Task goal ->
Below are entries; repeat exactly, and nothing else, the lines from the one holding "BLACK GOLD IV45Q1257" through the one holding "Figure 1 - Yugoslavia 809", inclusive. Leave the pictures out.

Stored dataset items
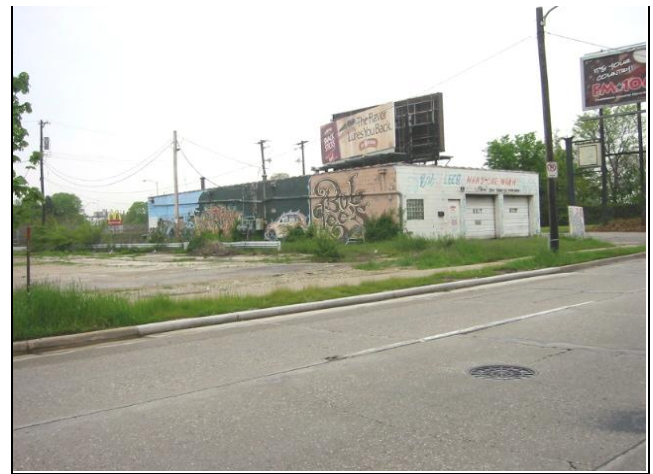
A single-story, hand carwash having 3,200 square feet of operating area on a 12,450 SF parcel.
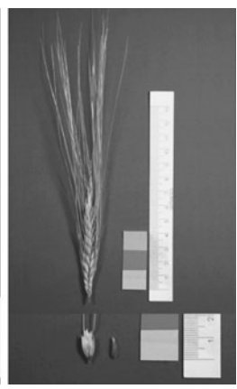
Fig. 1 Spikes (above) and spikelets and grains (below) of different subspecies (and origins) of Triticum dicoccon. From left to right: ssp. abyssinicum (Ethiopia, Yemen, India),
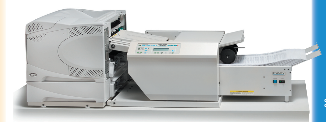
FD 2052IL System shown with IL Pressure Sealer and IL Alignment Base, laser printer (not included), optional conveyor and optional locking cabinets
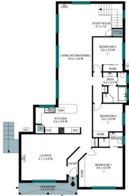
Upper Ground Floor
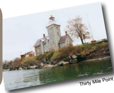
Thirty Mile Point
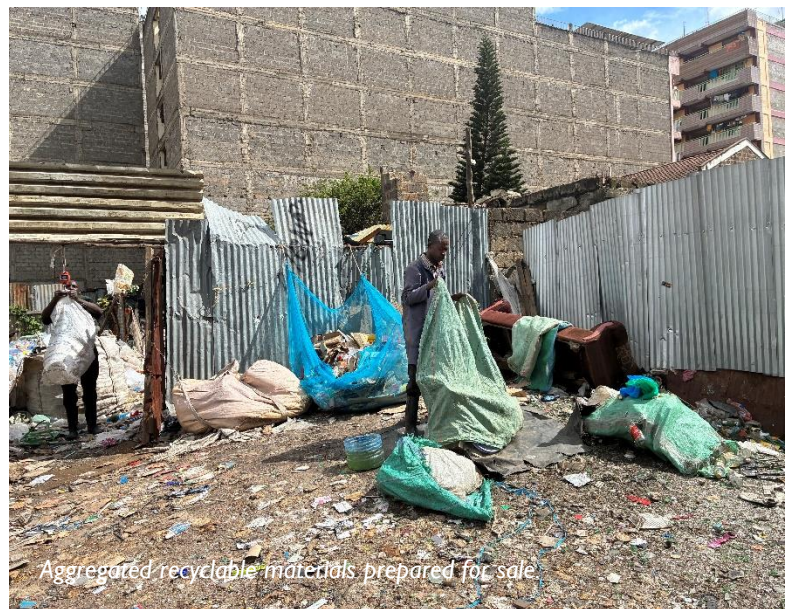
Aggregated recyclable materials prepared for sale

"Transport is a challenge. If I had my own, I could collect from much further."
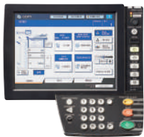
10.4" color touch screen Control Panel with one-touch access to common features
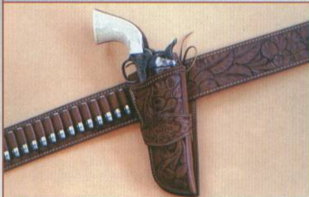
85-year-old 1 st Generation .45 Colt fitted with ivories carved in the fleur-de-lis pattern by Peacemaker Specialists, in El Paso #1930 Austin leather.
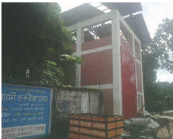
Sylhet STS-2 Shahi Eidgah
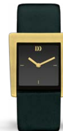
BLACK GOLD IV45Q1257
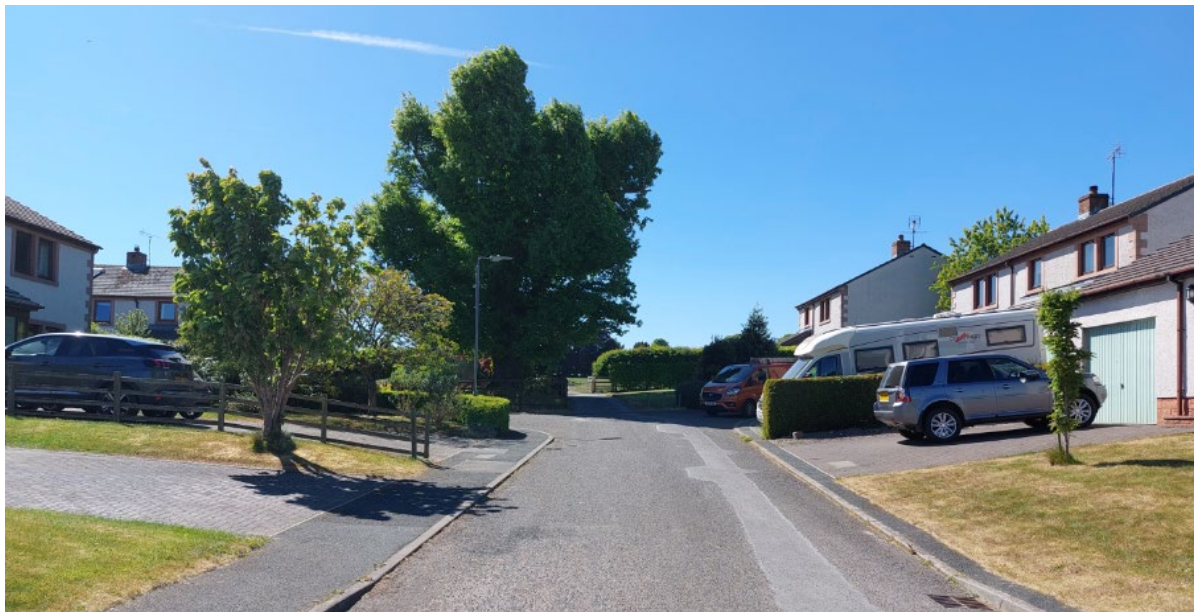
This street is a cul-de-sac for motor vehicles, but a through route for pedestrians and cyclists via the opening between the large tree and hedge. This provides an alternative to following the highway network. Great Salkeld.
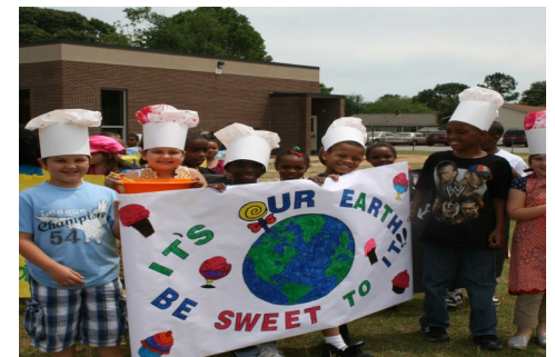
Poster made by students for the Earth Day Parade

For additional information or assistance, contact: S.C School Improvement Council USC College of Education Suite 001 Columbia, SC 29208 1-800-868-2232 http://sic.sc.gov
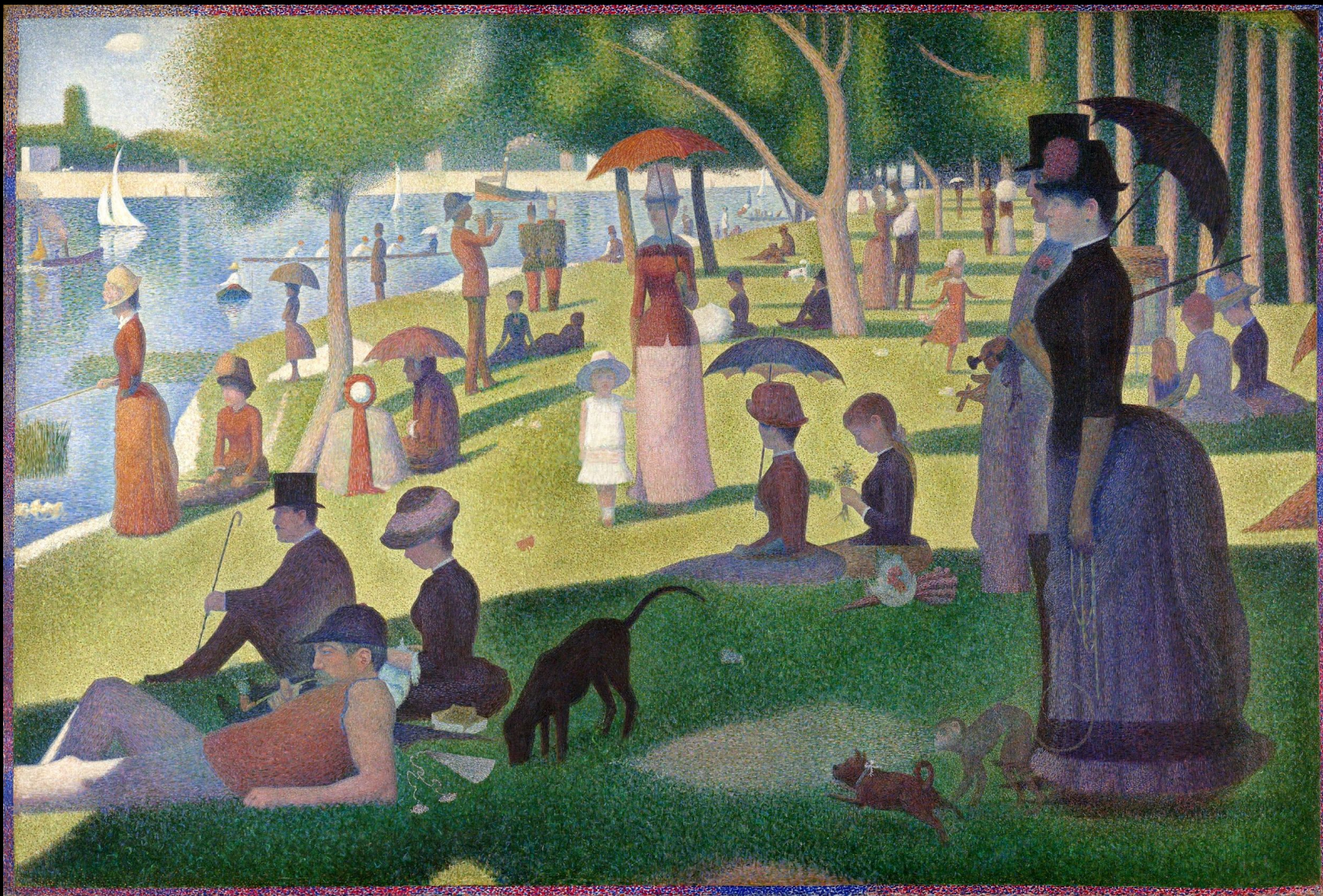
George Seurat, Sunday Afternoon on the Island of La Grande Jatte, 1884-86
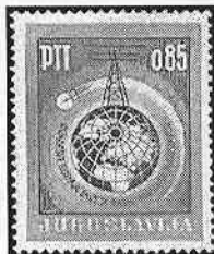
Figure 1 - Yugoslavia 809

Only about ten postage stamps have been issued specifically showing amateur radio satellites, that is out of the less than 100 stamps that have been issued for all aspects of amateur radio. As a reminder for readers, this series of articles is concerned with satellites on postal items such as stamps, souvenir sheets, aerogrammes, postal cards, meters, and cancels, but not with launch covers for these satellites, although images of many of those covers are included in the authors' Website.
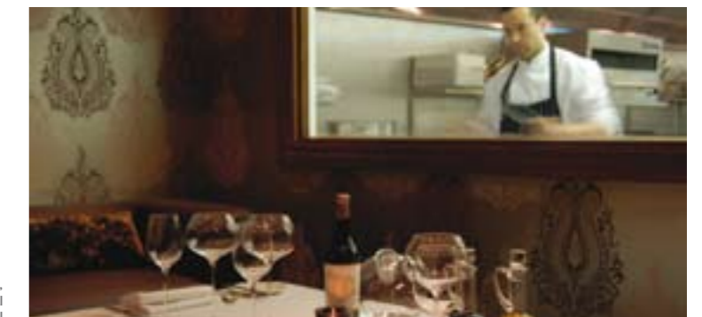
Chef's Table, The Cathedral Quarter Hotel

Enhance your cookery skills with a day at Coghlan's School of Wine, Food & Dining in Chesterfield or bring friends and family to the Chef's Table at the new Cathedral Quarter Hotel in Derby. You'll marvel at the art of a top chef who will talk you through the menu and let you watch all the action in the kitchen through a window in your own private dining room.
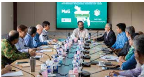
Coordination workshop: A coordination workshop was organized at PKSF Bhaban on 7 May 2023 to promote

In addition to providing financial services to microenterprises (MEs), the Promoting Agricultural Commercialization and Enterprises (PACE) project has so far implemented 79 value chain sub-projects in various potential farm and non-farm sub-sectors. Of them, 46 are currently under implementation in the field. Over 7 lakh micro-entrepreneurs and other value chain actors are receiving technical, technological and marketing support through these sub-projects of PACE, co-financed by PKSF and the International Fund for Agricultural Development (IFAD).

Solution for this problem ->
BLACK GOLD IV45Q1257
This street is a cul-de-sac for motor vehicles, but a through route for pedestrians and cyclists via the opening between the large tree and hedge. This provides an alternative to following the highway network. Great Salkeld.
Poster made by students for the Earth Day Parade

For additional information or assistance, contact: S.C School Improvement Council USC College of Education Suite 001 Columbia, SC 29208 1-800-868-2232 http://sic.sc.gov
George Seurat, Sunday Afternoon on the Island of La Grande Jatte, 1884-86
Figure 1 - Yugoslavia 809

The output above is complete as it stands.